Christmas reminds us of the biggest, best promise kept! The promise of a Savior and the hope of eternal life with the God who created us. Talk about hope! Because that’s what promises really are – a reason to hope. Those promises, all that hope, is found throughout scripture. The Bible is full of hope for our everyday lives, hope for our future, hope for answers to our dilemmas and wisdom to navigate our lives.
Knowing and recognizing the kept promises of God can be a great thing to share with your daughter. Look for opportunities to point out how God provides, and when He keeps His promises. Talk about the promises, use them to reassure, quote them to encourage, and refer to them when there are decisions to be made. To do this, you have to know the promises and recognize them yourself. Maybe you could make it a point in your devotional time this coming year to search out, memorize, and meditate on God’s promises. Perhaps you’ll want to list them, and note examples from your own life experiences of God’s faithfulness. Then look for opportunities to share those with your daughter. Help her see that they apply to her too, if she’s a child of God. Help her to recognize God working in her life.

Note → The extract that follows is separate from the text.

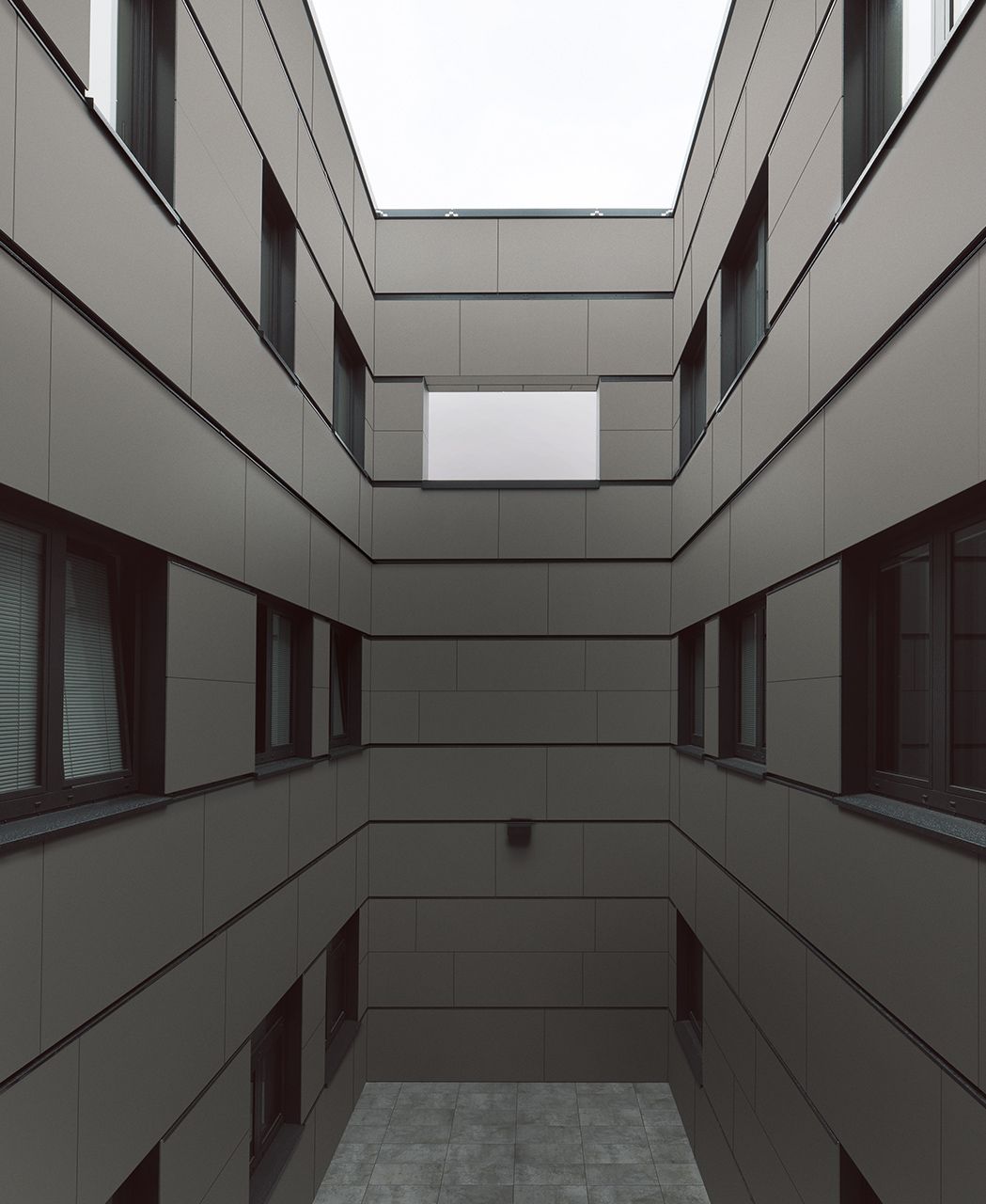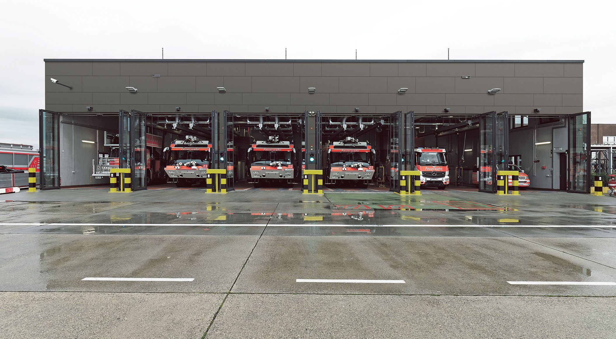 Mit dem Anbau wird die Fläche der Flughafenfeuerwehr am Standort Feuerwache 2 verdoppelt. Die Architekten von in_design haben den Bestand umgebaut, saniert und modernisiert. Im Neubau befindet sich ein zusätzlicher Zug für den Gebäudebrandschutz. Der Flugzeugbrandschutz wurde ebenfalls an die aktuellen Erfordernisse angepasst. Der Komplex befindet sich mitten auf dem Vorfeld des Flughafengeländes, umgeben von Rollbahnen und Flugzeugparkpositionen. Das Team der Feuerwache ist rund um die Uhr im Einsatz, das fand auch bei der Gebäudeplanung Berücksichtigung. Neben Fahrzeughallen, Verwaltungsräumen, Werkstätten, Büros und Besprechungs-, Ruhe- und Schulungsräumen finden auch Küchen- und Speiseräume im Gebäude Platz. Große verglaste Tore öffnen die Fahrzeughallen, horizontale Fensterbänder unterstreichen die Bewegung des Ausrückens. Für die Fassade wurden concrete skin Elemente in chrome und liquid black verwendet. Der Werkstoff Glasfaserbeton garantiert absolute Sicherheit und Brandbeständigkeit durch seine hervorragenden thermischen Werte und ist somit die perfekte Verkleidung für die Feuerwache. Fotos: Ditz Fejer
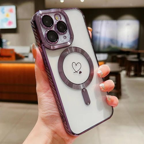 Funda para Teléfono TPU Loves iPhone 11 Pro Max Magsafe Revestimiento Fibra de Carbono (Púrpura)

Seeing God’s faithfulness should also make us more careful with our own promises. If you promise to pray for someone, pray, maybe stopping right where you are to bring their need to the Lord. If you promise someone an answer “soon”, figure it out and give them their answer. If you make a promise to your children that you are then not able to keep, explain why and offer an alternative solution. Since we know kids learn by what they see in our lives everyday, help them learn trust and respect by keeping your word. Try not to make promises to your kids that you can’t be sure you can keep, perhaps telling them you will “do your best”. When your daughter experiences a broken promise from a friend, a boy, or a teacher, talk to her about resilience, forgiveness, and learning how to how to deal with disappointment.
This Christmas, undoubtedly there will be some “promises kept” and some “hope deferred” in all those packages under the tree, but let’s make sure to emphasize as much as we can the incredible promise God kept on that first Christmas!